1. Repeated Division by 2 (The Classic Method)

• Divide 170 by 2: 170 / 2 = 85 (remainder 0)
• Divide 85 by 2: 85 / 2 = 42 (remainder 1)
• Divide 42 by 2: 42 / 2 = 21 (remainder 0)
• Divide 21 by 2: 21 / 2 = 10 (remainder 1)
• Divide 10 by 2: 10 / 2 = 5 (remainder 0)
• Divide 5 by 2: 5 / 2 = 2 (remainder 1)
• Divide 2 by 2: 2 / 2 = 1 (remainder 0)
• Divide 1 by 2: 1 / 2 = 0 (remainder 1)

Now, read the remainders from bottom to top: 10101010. This is the binary representation of 170.

2. Place Value Method

• Find the highest power of 2 less than 170: This is 2^7 (128).
• Subtract 128 from 170: 170 - 128 = 42
• Find the highest power of 2 less than 42: This is 2^5 (32).
• Subtract 32 from 42: 42 - 32 = 10
• Find the highest power of 2 less than 10: This is 2^3 (8).
• Subtract 8 from 10: 10 - 8 = 2
• Find the highest power of 2 less than 2: This is 2^1 (2).
• Subtract 2 from 2: 2 - 2 = 0

Now, look at the powers of 2 you used (2^7, 2^5, 2^3, 2^1) and represent them with 1s in their respective positions.
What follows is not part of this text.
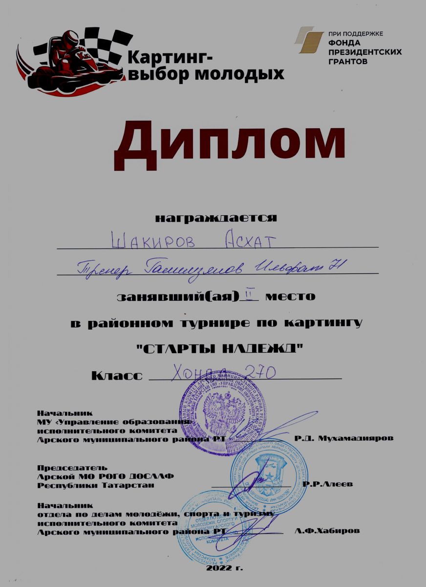 Диплом 1 место - турнир по картингу "Старты надежд"

This gives us:

• 2^7 2^6 2^5 2^4 2^3 2^2 2^1 2^0
• 1 0 1 0 1 0 1 0

This again gives us 10101010.

Important Note: Both methods achieve the same result, but the repeated division method might be easier for some people to understand.

Applications of Binary

Understanding binary is crucial for various fields:

• Computer Science: Every computer program is ultimately executed as a series of 0s and 1s.
• Electronics: Digital circuits rely heavily on binary logic to process data.
• Data Compression: Algorithms use binary representations to efficiently store and transmit information.

Final Thoughts

Converting 170 to binary might seem like a simple task, but it serves as a gateway to understanding the foundational concepts of computer science and how computers process information. The binary system, though seemingly abstract, is the core language that powers our digital world.